Fracture distribution problem solved

Although it is clear that openhole completions can be hydraulically fractured using proppant or fracture-acidizing, the greatest challenges are in finding ways to achieve adequate stimulation results. Uncontrolled generation of hydraulically induced fractures normally will result in fractures being poorly distributed along an openhole lateral of any length.

For optimum production enhancement, a fracturing-stimulation program should result in a limited number of discrete fractures that are widely separated and well distributed along the lateral. If too many fractures are propagated, the width and length of each are reduced as the number increases.

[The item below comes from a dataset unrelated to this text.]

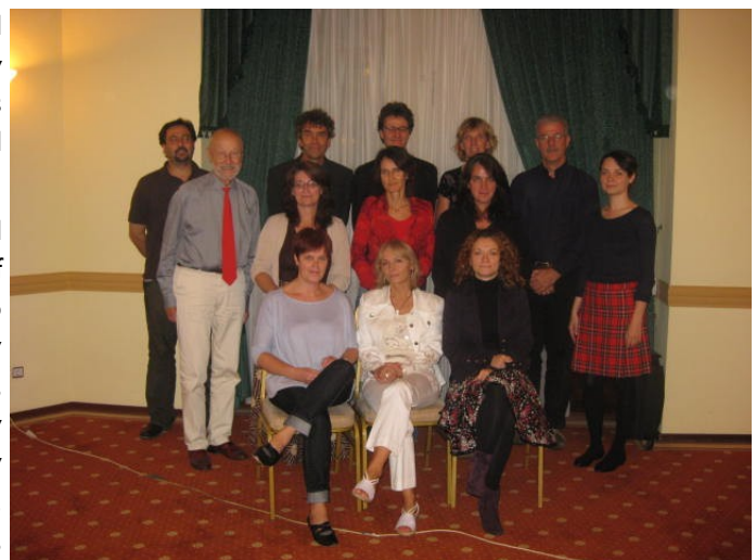
Participants in the seminar "Good practice in torture care", Bucharest, October 2009

The event enjoyed very good media coverage and as an overall effect encouraged our colleagues to continue their difficult work.

The other primary objective is to create fractures where they are needed, and only where they are needed. Multiple fractures in close proximity to each other will improve the initial stimulation response but usually provide little additional cumulative production beyond the first year or two following the treatment.
A high-rate, large-volume openhole fracturing stimulation attempt, where fluid is simply bullheaded into the open hole, typically results in extreme multiple fracturing that causes most of the treating fluid to be placed in one small area near the heel section, leaving the rest of the interval essentially untreated. This result is typical when the lateral has very homogeneous formation properties and no zones are fractured during the drilling process. Even when the horizontal wellbore is almost aligned with the fracture plane, uncontrolled fracture creation usually results rather than an evenly spaced, effective arrangement. When the wellbore is exactly aligned with the fracture plane, one small longitudinal fracture will occur.

In some instances, operators have shot perforations at selected intervals to enhance the distribution of fractures down the lateral but this has produced only very limited success. In most cases, fracture distribution may appear slightly improved over that achieved with the bullheading technique, but ultimately the fracture distribution will not stimulate the reservoir sufficiently for a cost-effective completion.
The process of running a tubing string a long distance into the wellbore, then fracturing down the tubing (at a limited rate) or down both the tubing and the annulus simultaneously (at a high rate) has been used but has not achieved a high success rate in most areas.

Multilateral horizontal completions

A growing number of marginally economic Level 1 and Level 2 multilateral completions are providing marginal to poor economic results. Many of these appear to need stimulation, either to get beyond wellbore damage or to overcome vertical permeability barriers. Conventional stimulation technology is usually inadequate without some type of mechanical isolation technique. Conventional methods with a good chance of effective stimulation are usually either too high a risk for well problems or too costly to consider for low-return reservoir conditions (or both). Using a system of controlled, precisely placed fractures conveyed by coiled tubing can turn many marginal wells into excellent producers, and do so cost-effectively.